目前这个提示词还没有集成到 langchain_classic.prompts 里面，不过在 LangChain Hub 里面有 https://smith.langchain.com/hub/langchain-ai/rag-fusion-query-generation

下面是具体实现代码

{% tabs RAG-Fusion , 1 %}

from langchain_classic.prompts import ChatPromptTemplate

# RAG-Fusion: Related
template = """You are a helpful assistant that generates multiple search queries based on a single input query. \n
Generate multiple search queries related to: {question} \n
Output (4 queries):"""
prompt_rag_fusion = ChatPromptTemplate.from_template(template)

from langchain_core.output_parsers import StrOutputParser
from langchain_openai import ChatOpenAI

generate_queries = (
    prompt_rag_fusion 
    | ChatOpenAI(temperature=0)
    | StrOutputParser() 
    | (lambda x: x.split("\n"))
) # 这里只是用来生成四个问题

from langchain_classic.load import dumps, loads

####### 进行 Rerank #######
def reciprocal_rank_fusion(results: list[list], k=60):
    """ Reciprocal_rank_fusion that takes multiple lists of ranked documents 
        and an optional parameter k used in the RRF formula """
    
    # Initialize a dictionary to hold fused scores for each unique document
    fused_scores = {}

    # Iterate through each list of ranked documents
    for docs in results:
        # Iterate through each document in the list, with its rank (position in the list)
        for rank, doc in enumerate(docs):
            # Convert the document to a string format to use as a key (assumes documents can be serialized to JSON)
            doc_str = dumps(doc)
            # If the document is not yet in the fused_scores dictionary, add it with an initial score of 0
            if doc_str not in fused_scores:
                fused_scores[doc_str] = 0
            # Retrieve the current score of the document, if any
            previous_score = fused_scores[doc_str]
            # Update the score of the document using the RRF formula: 1 / (rank + k)
            fused_scores[doc_str] += 1 / (rank + k)

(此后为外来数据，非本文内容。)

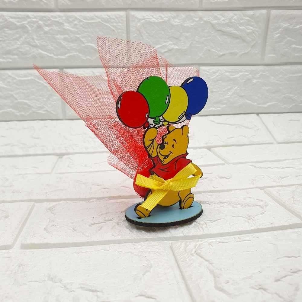 Πρωτότυπη χειροποίητη μπομπονιέρα βάφτισης σε βάση, με ξύλινη φιγούρα Γουίνι το αρκουδάκι με μπαλόνια στο χέρι! Περιέχει 3 κουφέτα της επιλογής σας σε κόκκινο τούλι, δεμένο με κορδέλα φιογκάκι!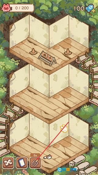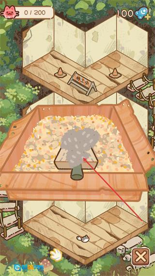 进入游戏后先观察分层场景,熟悉当前场景的布局,点击左下角的猫砂铲,就能按照指引操作工具来推进游戏进程。

    # Sort the documents based on their fused scores in descending order to get the final reranked results
    reranked_results = [
        (loads(doc), score)
        for doc, score in sorted(fused_scores.items(), key=lambda x: x[1], reverse=True)
    ]

    # Return the reranked results as a list of tuples, each containing the document and its fused score
    return reranked_results

retrieval_chain_rag_fusion = generate_queries | retriever.map() | reciprocal_rank_fusion
docs = retrieval_chain_rag_fusion.invoke({"question": question})
len(docs)

打分公式就是
$\text{score} += \frac{1}{rank + k}$

k 默认是 60，rank 是文档在某个结果列表里的位置，排名越靠前，分数越大，但是差距不会特别夸张，因为有 k=60 在压平距离
某个文档的最终分数就是在每个问题里面的分数加和。

# RAG
template = """Answer the following question based on this context:

{context}

Question: {question}
"""

prompt = ChatPromptTemplate.from_template(template)

final_rag_chain = (
    {"context": retrieval_chain_rag_fusion, 
     "question": itemgetter("question")} 
    | prompt
    | llm
    | StrOutputParser()
)

final_rag_chain.invoke({"question":question})

{% endtabs %}

Decomposition(问题分解策略)

在下一个更简单维度，将一个复杂问题分解成多个子问题，将问题分解为一组子问题。之后解决这些子问题再进行合并。有两种类型：Answer recursively 和 Answer individually

from langchain_classic.prompts import ChatPromptTemplate
from langchain_openai import ChatOpenAI
from langchain_core.output_parsers import StrOutputParser


# Decomposition
template = """You are a helpful assistant that generates multiple sub-questions related to an input question. \n
The goal is to break down the input into a set of sub-problems / sub-questions that can be answers in isolation. \n
Generate multiple search queries related to: {question} \n
Output (3 queries):"""
prompt_decomposition = ChatPromptTemplate.from_template(template)


# LLM
llm = ChatOpenAI(temperature=0)

# Chain
generate_queries_decomposition = ( prompt_decomposition | llm | StrOutputParser() | (lambda x: x.split("\n")))

# Run
question = "What are the main components of an LLM-powered autonomous agent system?"
questions = generate_queries_decomposition.invoke({"question":question})

三个问题如下

['1. What is LLM technology and how does it work in autonomous agent systems?',
 '2. What are the specific components that make up an LLM-powered autonomous agent system?',
 '3. How do the main components of an LLM-powered autonomous agent system interact with each other to enable autonomous behavior?']

Answer recursively 递归回答

使用第一个问题的答案 + 检索来回答第二个问题，以此类推。

在前面得到 questions 对基础上，继续做，如下。

{% tabs AnswerRecursively , 1 %}

template = """Here is the question you need to answer:

\n --- \n {question} \n --- \n

Here is any available background question + answer pairs:

\n --- \n {q_a_pairs} \n --- \n

Here is additional context relevant to the question: 

\n --- \n {context} \n --- \n

Use the above context and any background question + answer pairs to answer the question: \n {question}
"""

decomposition_prompt = ChatPromptTemplate.from_template(template)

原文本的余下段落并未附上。